◆ What to do
Pictures within the data are to be left out; everything else must be reproduced exactly.
┏━━
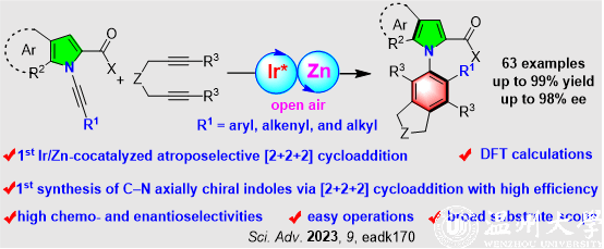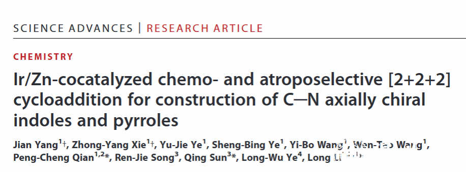 论文链接:Ir/Zn-cocatalyzed chemo- and atroposelective [2+2+2] cycloaddition for construction of C−N axially chiral indoles and pyrroles. Jian Yang1#, Zhong-Yang Xie1#, Yu-Jie Ye1, Sheng-Bing Ye1, Yi-Bo Wang1, Wen-Tao Wang1, Peng-Cheng Qian*1,4, Ren-Jie Song2, Qing Sun*2, Long-Wu Ye3, and Long Li*1,3,4 Sci. Adv. 2023, 9, eadk170. DOI: 10.1126/sciadv.adk1704.
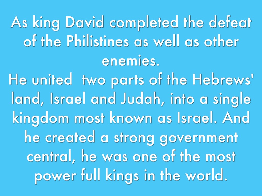He united two parts of the Hebrews' land, Israel and Judah, into a single kingdom most known as Israel. And he created a strong government central, he was one of the most power full kings in the world.
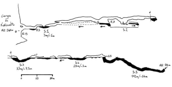 Une remontée de 24m livre l'accès à une galerie confortable (3m de diamètre) parcourue par la rivière. Au sommet d'une cascade (5m), le S.1 (3m ;-1) est suivi d'une galerie moins large. Le S.2 se shunte par une galerie supérieure via plusieurs escalades. On remonte ensuite la rivière (cascade de 6m) jusqu'au S.3 (33m ;-7,5) qui se prolonge sur une dizaine de mètres car la partie exondée est trop étroite. Une trentaine de mètres de progression dans un conduit aquatique conduit au S.4 (29m ;-3), passé lequel une galerie basse, affectée de profondes marmites d'érosion, rejoint le S.5 (110m ;-24). Il débute par un puits de 7m et se développe dans une galerie spacieuse (2 x 2m) jusqu'au terminus, une étroiture sévère sensiblement ascendante.
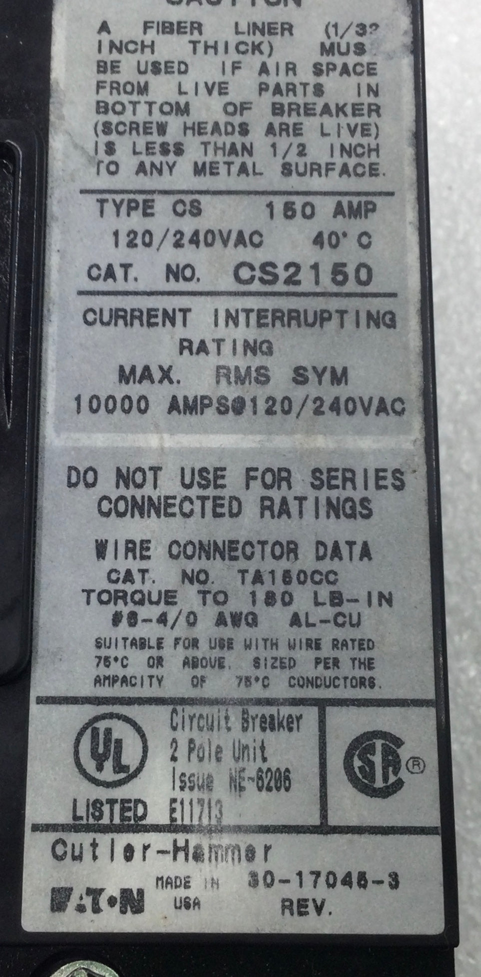 Cutler-Hammer CS2150 150 Amp 2-Pole 240V Circuit Breaker
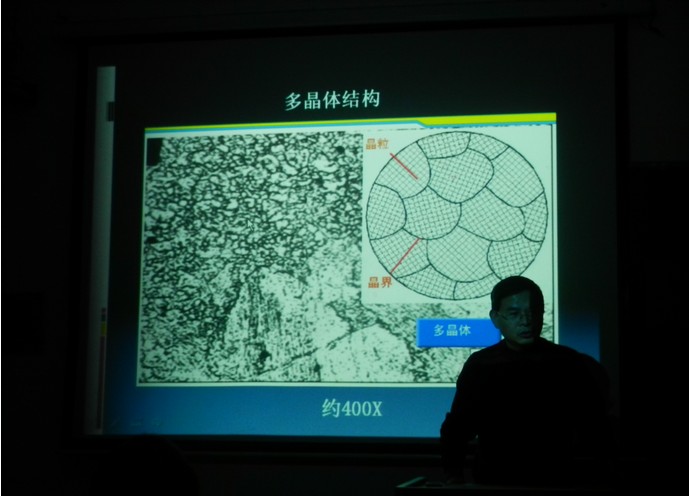 紧接着,李文斌博士向我们简单介绍了现代社会金属材料的发展现状,并从常用金属的强度和力学性能讲解不同金属应用于不同领域的原因。随后,他根据新闻的热点提出了美国海军新一代核动力航空母舰福特号,向我们展示了航空母舰上巨大的螺旋桨和轴承,并由螺旋桨和轴承的先进性将我们视线引入到金属的微观方面。从常见金属物体内部晶体结构开始介绍,让我们领略了七大晶系的风采,其幽默风趣的演说风格不时博得同学们的热烈掌声。
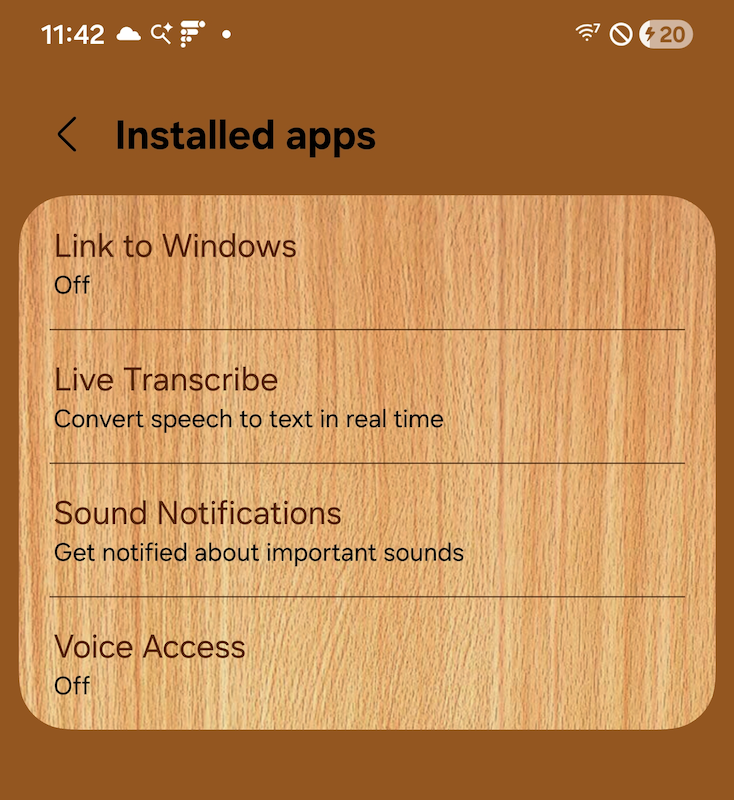 This retrieves the list of "Accessibility Services," which are apps that enhance or integrate with Android devices' Accessibility features. The pre-installed services on my Samsung Galaxy S24 are displayed here. These services are particularly useful for fingerprinting, especially when the user has enabled any of them.
┗━━
◆ Finished task
 论文链接:Ir/Zn-cocatalyzed chemo- and atroposelective [2+2+2] cycloaddition for construction of C−N axially chiral indoles and pyrroles. Jian Yang1#, Zhong-Yang Xie1#, Yu-Jie Ye1, Sheng-Bing Ye1, Yi-Bo Wang1, Wen-Tao Wang1, Peng-Cheng Qian*1,4, Ren-Jie Song2, Qing Sun*2, Long-Wu Ye3, and Long Li*1,3,4 Sci. Adv. 2023, 9, eadk170. DOI: 10.1126/sciadv.adk1704.
He united two parts of the Hebrews' land, Israel and Judah, into a single kingdom most known as Israel. And he created a strong government central, he was one of the most power full kings in the world.
 Une remontée de 24m livre l'accès à une galerie confortable (3m de diamètre) parcourue par la rivière. Au sommet d'une cascade (5m), le S.1 (3m ;-1) est suivi d'une galerie moins large. Le S.2 se shunte par une galerie supérieure via plusieurs escalades. On remonte ensuite la rivière (cascade de 6m) jusqu'au S.3 (33m ;-7,5) qui se prolonge sur une dizaine de mètres car la partie exondée est trop étroite. Une trentaine de mètres de progression dans un conduit aquatique conduit au S.4 (29m ;-3), passé lequel une galerie basse, affectée de profondes marmites d'érosion, rejoint le S.5 (110m ;-24). Il débute par un puits de 7m et se développe dans une galerie spacieuse (2 x 2m) jusqu'au terminus, une étroiture sévère sensiblement ascendante.
 Cutler-Hammer CS2150 150 Amp 2-Pole 240V Circuit Breaker
 紧接着,李文斌博士向我们简单介绍了现代社会金属材料的发展现状,并从常用金属的强度和力学性能讲解不同金属应用于不同领域的原因。随后,他根据新闻的热点提出了美国海军新一代核动力航空母舰福特号,向我们展示了航空母舰上巨大的螺旋桨和轴承,并由螺旋桨和轴承的先进性将我们视线引入到金属的微观方面。从常见金属物体内部晶体结构开始介绍,让我们领略了七大晶系的风采,其幽默风趣的演说风格不时博得同学们的热烈掌声。
 This retrieves the list of "Accessibility Services," which are apps that enhance or integrate with Android devices' Accessibility features. The pre-installed services on my Samsung Galaxy S24 are displayed here. These services are particularly useful for fingerprinting, especially when the user has enabled any of them.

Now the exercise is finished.